Recorded information:

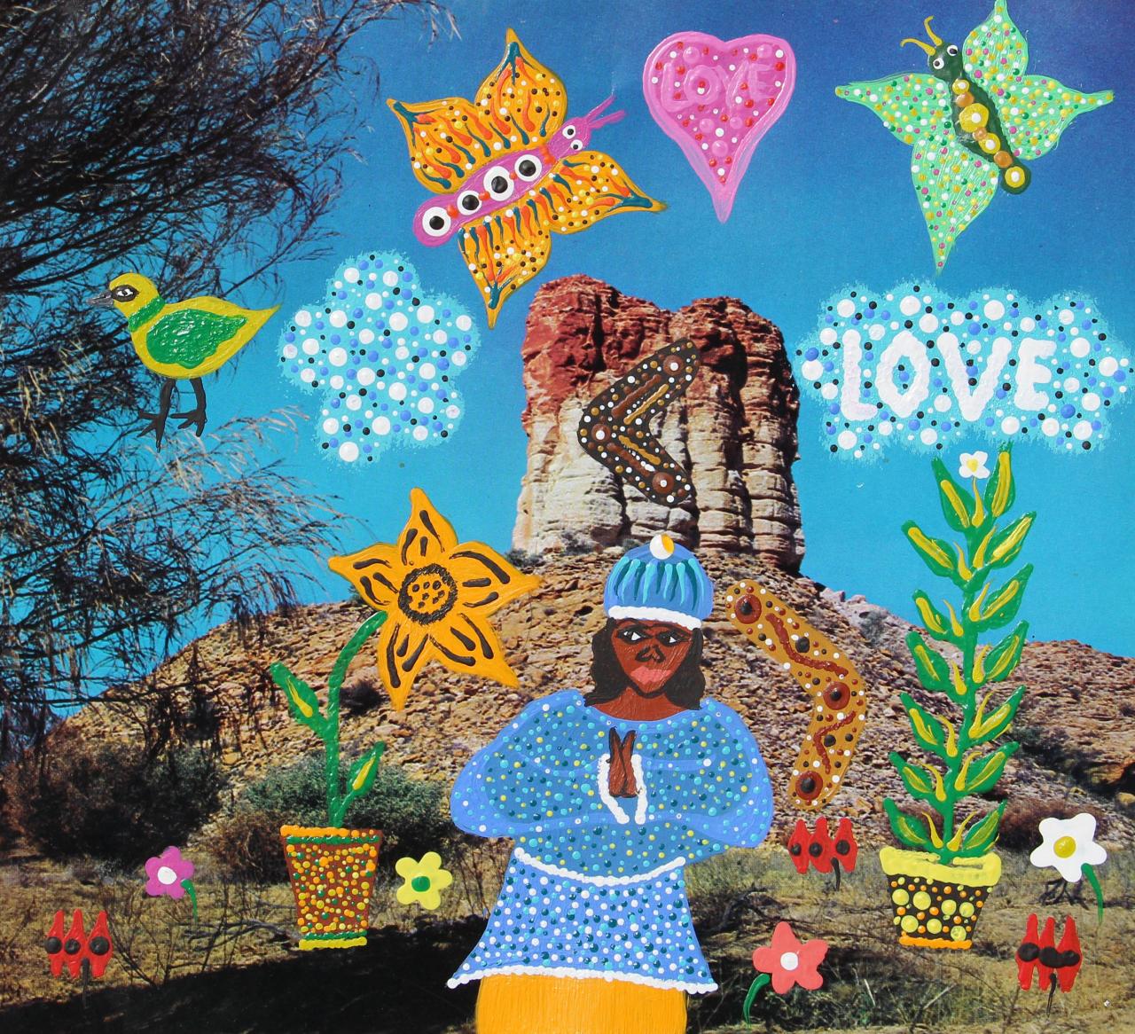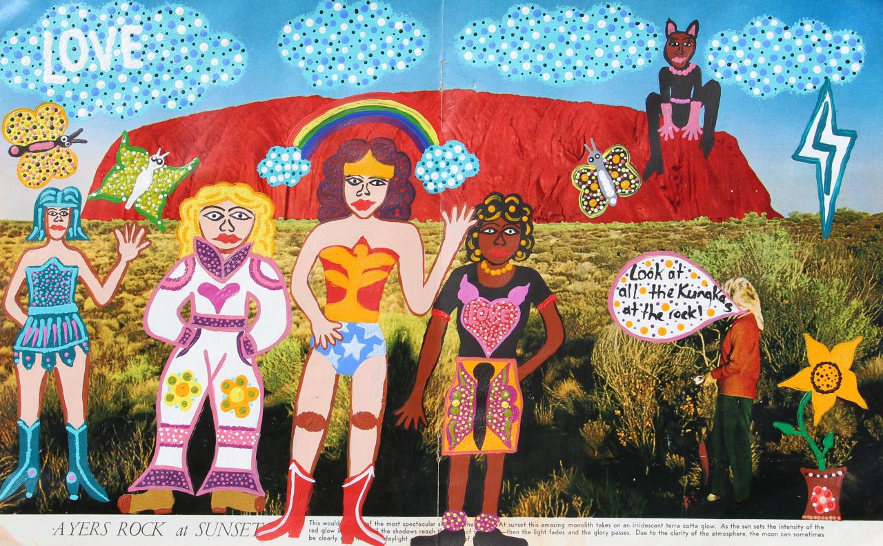 The acquired work is a series of ten paintings produced on found tourism magazine pages, featuring Whiskey’s signature characters from popular culture, including Cher, Catwoman, Tina Turner and Sandy from Grease. They are dazzling and fun, and like Whiskey herself who grew up with Coca-Cola and TV, but also tjurkurpa (ancestral stories) and bush tucker, they combine symbols of life in the desert with internationally familiar iconography. The background photos are shiny and airbrushed, originally created as alluring images of remote Australia, destined for the coffee tables of consumers and tourists. Like colonial paintings that sold false narratives of Australia’s peaceful settlement to those far removed from its reality, in the tourist photos, Indigenous presence is absent. Whiskey fills this absence, inserting strong female figures, and in one instance, herself, into the landscape, declaring contemporary First Nations culture as spirited, powerful and – above all – present.
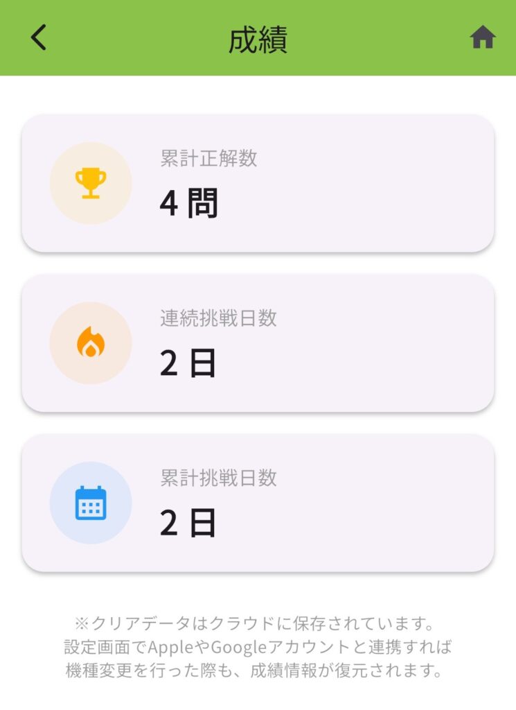 - 連続挑戦日数や累計継続日数などが自動で記録(継続した努力が目に見えます)
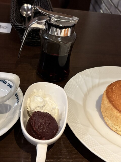 パンケーキにあずきとホイップをのせて、シロップをたっぷりかけて満面の笑みで(多分)いただきました。
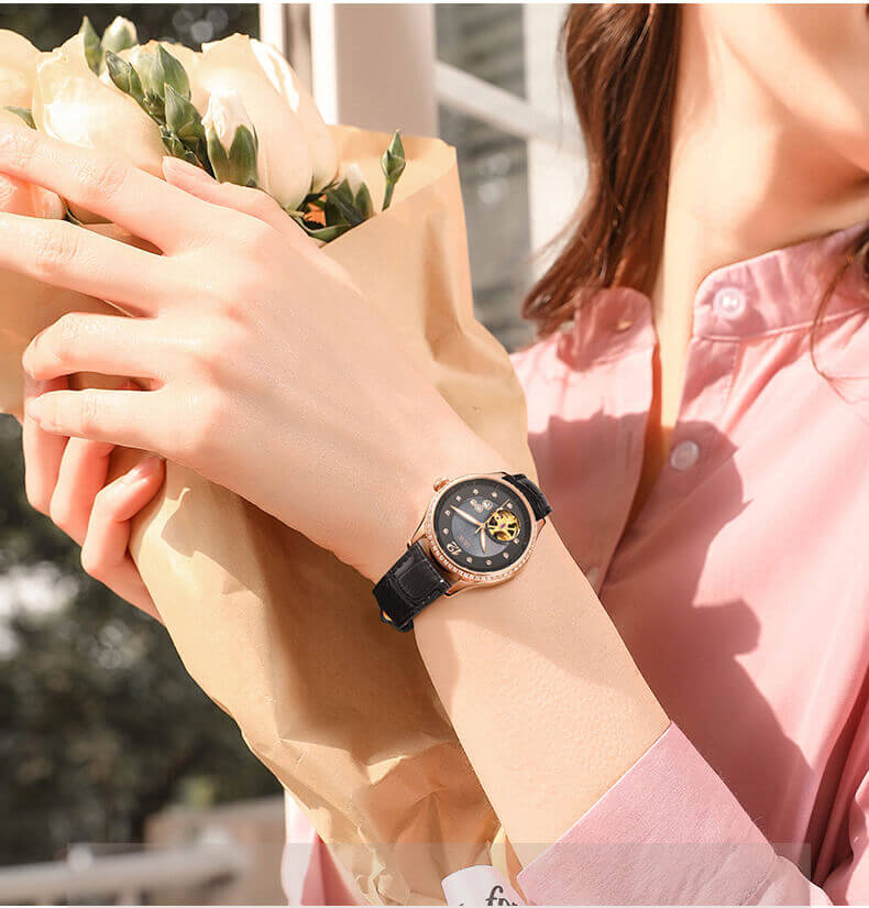 THÔNG SỐ SẢN PHẨM: Thương hiệu :Kassaw Mã sản phẩm : K990-2 Giới tính : Nữ Kiểu máy : Đồng hồ cơ (Automatic) Đường kính mặt : 33 mm Độ dày : 10 mm Chất liệu
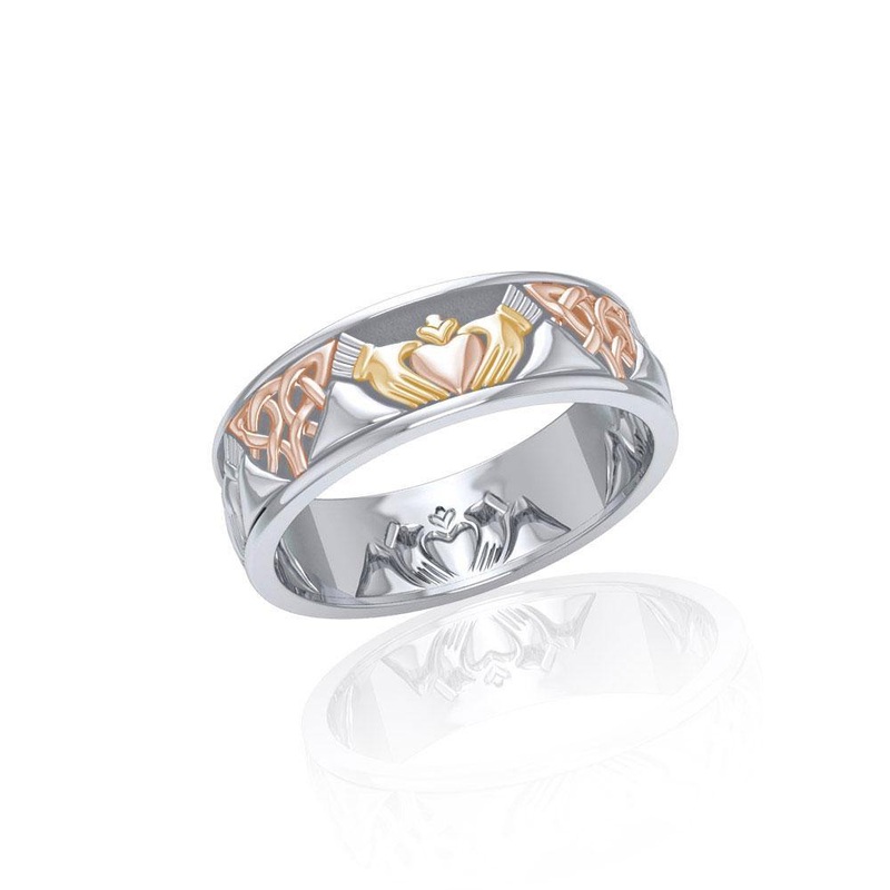 Celtic Knotwork Three Tone Claddagh Ring OTR3355The Claddagh design is a traditional token of loyalty and friendship as well as romantic love. The hands in the design represent friendship; the heart, love; the crown, loyalty. Linked with the eternal power
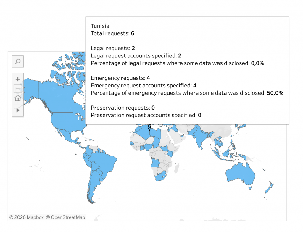 Dans ce cadre, la Tunisie apparaît avec un volume particulièrement limité : 6 demandes gouvernementales au total sur six mois.
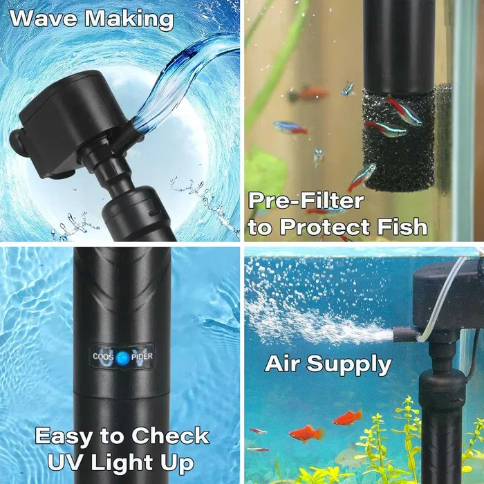 Sterilizator UV pentru acvariu Coospider – 1200 L/h, 220V, lumină UV 254nm, cu pompă de apă și oxigenare, control separat.
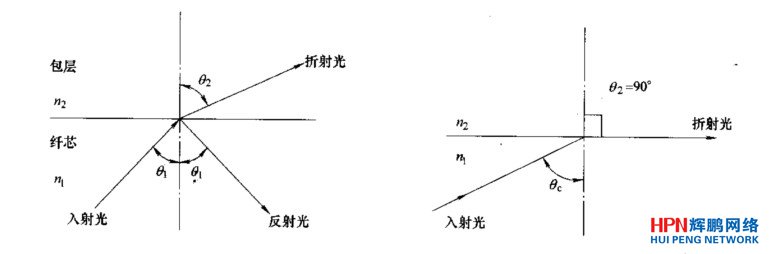 根據光的反射定律,反射角等于入射角;根據光的折射定律,其中,纖芯的折射率;為包層的折射率。 顯然,若纖芯的折射率,>包層的折射率,比值增大到一定程度,就會使折射角Q>90。,此時的折射光線不再進入包層,而會在纖芯與包層的分界面上掠過時,或者重返回到纖芯中進行傳播(以>90。時)。這種現象叫做光的全反射現象,人們把對應于折射角島90的入射角叫做臨界角(0),可以很容易得到臨界角。

Your assignment:
Your reply should consist solely of the lines above, from the opening line through the line with "Dans ce cadre, la", reproduced exactly and without pictures.

Exercise result:
 The acquired work is a series of ten paintings produced on found tourism magazine pages, featuring Whiskey’s signature characters from popular culture, including Cher, Catwoman, Tina Turner and Sandy from Grease. They are dazzling and fun, and like Whiskey herself who grew up with Coca-Cola and TV, but also tjurkurpa (ancestral stories) and bush tucker, they combine symbols of life in the desert with internationally familiar iconography. The background photos are shiny and airbrushed, originally created as alluring images of remote Australia, destined for the coffee tables of consumers and tourists. Like colonial paintings that sold false narratives of Australia’s peaceful settlement to those far removed from its reality, in the tourist photos, Indigenous presence is absent. Whiskey fills this absence, inserting strong female figures, and in one instance, herself, into the landscape, declaring contemporary First Nations culture as spirited, powerful and – above all – present.
 - 連続挑戦日数や累計継続日数などが自動で記録(継続した努力が目に見えます)
 パンケーキにあずきとホイップをのせて、シロップをたっぷりかけて満面の笑みで(多分)いただきました。
 THÔNG SỐ SẢN PHẨM: Thương hiệu :Kassaw Mã sản phẩm : K990-2 Giới tính : Nữ Kiểu máy : Đồng hồ cơ (Automatic) Đường kính mặt : 33 mm Độ dày : 10 mm Chất liệu
 Celtic Knotwork Three Tone Claddagh Ring OTR3355The Claddagh design is a traditional token of loyalty and friendship as well as romantic love. The hands in the design represent friendship; the heart, love; the crown, loyalty. Linked with the eternal power
 Dans ce cadre, la Tunisie apparaît avec un volume particulièrement limité : 6 demandes gouvernementales au total sur six mois.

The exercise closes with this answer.